Provided material »
_ _ _ _ _
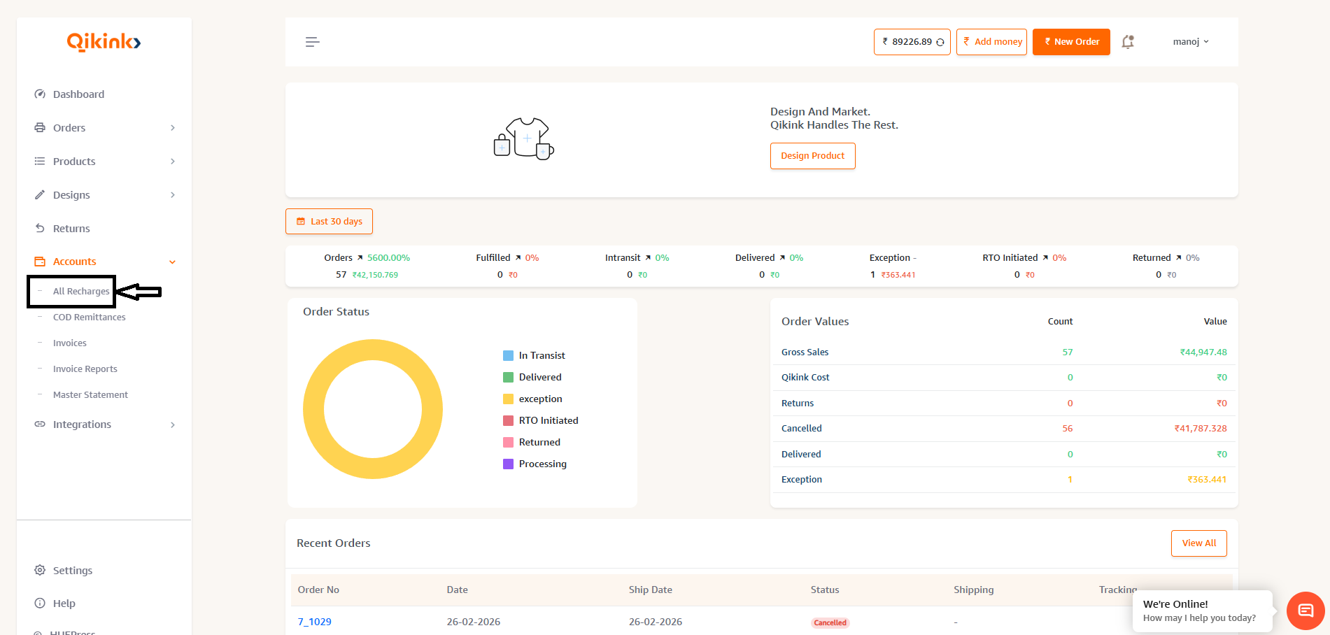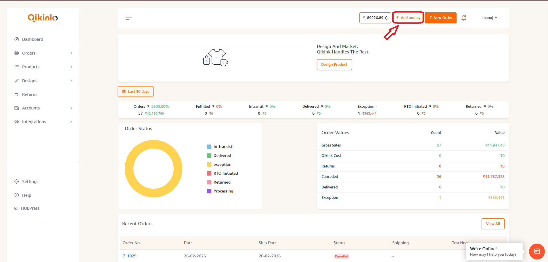 Step 1: Head over to your Qikink Merchant dashboard.
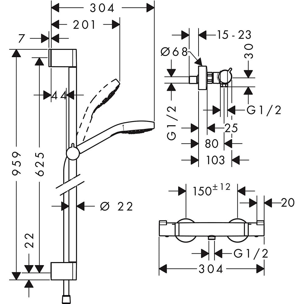 Hansgrohe Croma Select S Vario Baterie dus cu bara 90 cm cu termostat, alb/crom
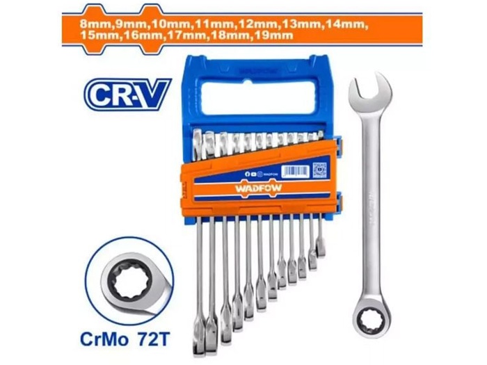 Bộ 12 cờ lê vòng miệng tự động Wadfow WSP4212 gồm 12 kích thước phổ biến từ 8mm đến 19mm, bao gồm 8, 9, 10, 11, 12, 13, 14, 15, 16, 17, 18 và 19mm.
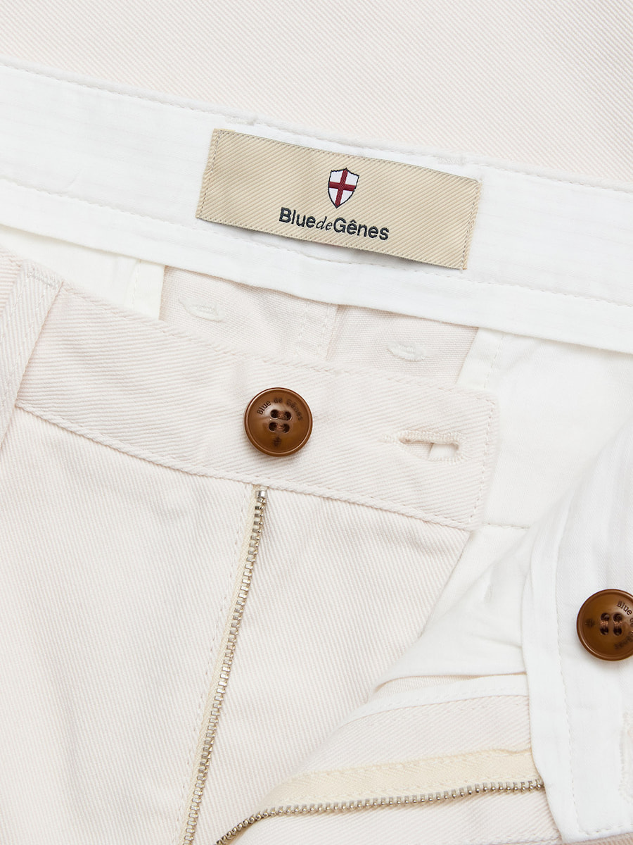Designed with a regular fit and a slightly tapered leg, the Palco offers a balanced silhouette and comfortable wear. Slanted front pockets and welted back pockets emphasise the traditional chino character. Subtle brand details such as the Blue-de-Gênes flag rivet and the corozo logo button at the waistband complete the design. A zip fly ensures practical daily use.
_ _ _ _ _
Requirement »
Only the pictures are to be left out; print everything else in the listing exactly.

Solution to this task »
 Step 1: Head over to your Qikink Merchant dashboard.
 Hansgrohe Croma Select S Vario Baterie dus cu bara 90 cm cu termostat, alb/crom
 Bộ 12 cờ lê vòng miệng tự động Wadfow WSP4212 gồm 12 kích thước phổ biến từ 8mm đến 19mm, bao gồm 8, 9, 10, 11, 12, 13, 14, 15, 16, 17, 18 và 19mm.
Designed with a regular fit and a slightly tapered leg, the Palco offers a balanced silhouette and comfortable wear. Slanted front pockets and welted back pockets emphasise the traditional chino character. Subtle brand details such as the Blue-de-Gênes flag rivet and the corozo logo button at the waistband complete the design. A zip fly ensures practical daily use.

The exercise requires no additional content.